Variant calling on targeted capture data (gene/exon panels etc)
Calling on targeted gene/exon panels, or other small regions works well. You may want to turn off duplicate read filtering, which Platypus does by default, because if you are sequencing a small region, there will be a higher rate of real duplicates (as opposed to PCR-duplicates) than in exome or whole-genome data, and filtering these may significantly reduce the coverage. You can do this using the '--filterDuplicates=0' flag.
python Platypus.py callVariants --bamFiles=data.bam --refFile=ref.fa --output=out.vcf --filterDuplicates=0
Because there can be significant biases in targeted sequencing, it is a good idea to be extra careful when filtering variant calls. Some real variants may end up with lower-than-expected allele frequencies (e.g. a heterozygous variant being present in only 15-20% of reads), and might trigger the 'alleleBias' filter.
Haloplex Data
If you are using Haloplex, there are a couple of things to be aware of. Sequencing from Haloplex data generates large blocks of reads, where all read-pairs start and end at the same positions. This means that all reads in the block are treated as 'duplicates' by Platypus, so you must turn off duplicate filtering. In addition, Platypus effectively clips the ends of reads, ignoring variants that only appear at the ends, to reduce error rates. You must turn this off, otherwise some variants will not be called. Clipping is controlled by the 'minFlank' parameter. Here is an example of how to run platypus on Haloplex data.
python Platypus.py callVariants --bamFiles=data.bam --refFile=ref.fa --output=out.vcf --filterDuplicates=0 --minFlank=0
Genotyping a list of known alleles
If you have a list of variants, and you want to genotype your data for those alleles, then Platypus can help.

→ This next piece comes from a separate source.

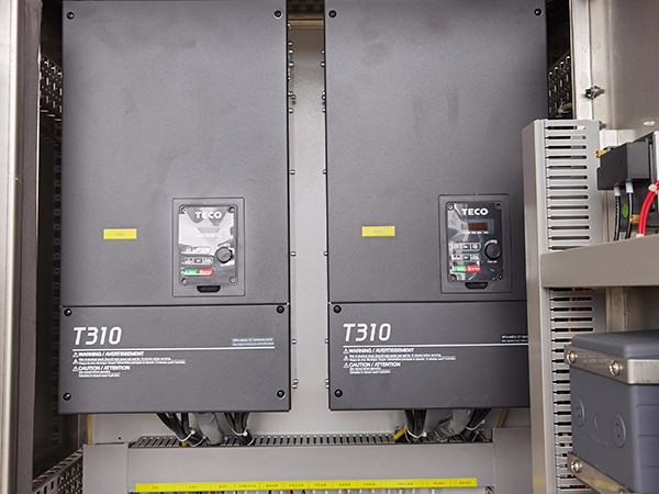 The inverter inside the cabinet uses the T310 series, featuring advanced motor tuning and measurement capabilities, high-level current vector control, and dual-core computing for high-speed processing.

python Platypus.py callVariants --bamFiles=data.bam --refFile=ref.fa --output=out.vcf --source=listOfVariants.vcf.gz --minPosterior=0 --getVariantsFromBAMs=0
You need to supply a VCF which has been compressed using bgzip, and indexed using tabix. If they are not already installed on your system, you can get bgzip and tabix from this site. To compress and index a normal VCF run the following commands:
bgzip listOfVariants.vcf
tabix -p vcf listOfVariants.vcf.gz
The first command produces a compressed (.vcf.gz) vcf file from the original file. The second command creates an index (.vcf.gz.tbi) for the compressed VCF. This allows Platypus to query the VCF for specific regions. The option '--minPosterior=0' sets the minimum quality score for reported variants to zero. This is so that Platypus can report reference genotypes for those variants in the input list which are not present in your data. If you don't want to see reference genotypes in the output, then remove this option. The option '--getVariantsFromBAMs=0' prevents Platypus from doing its normal variant calling, and makes sure that only alleles in the input VCF are reported. If you want normal calling and genotyping of the input alleles, then remove this option (this allows you to use an external list of variants to augment the candidates generated by Platypus, which can sometimes be useful for calling e.g. larger indels).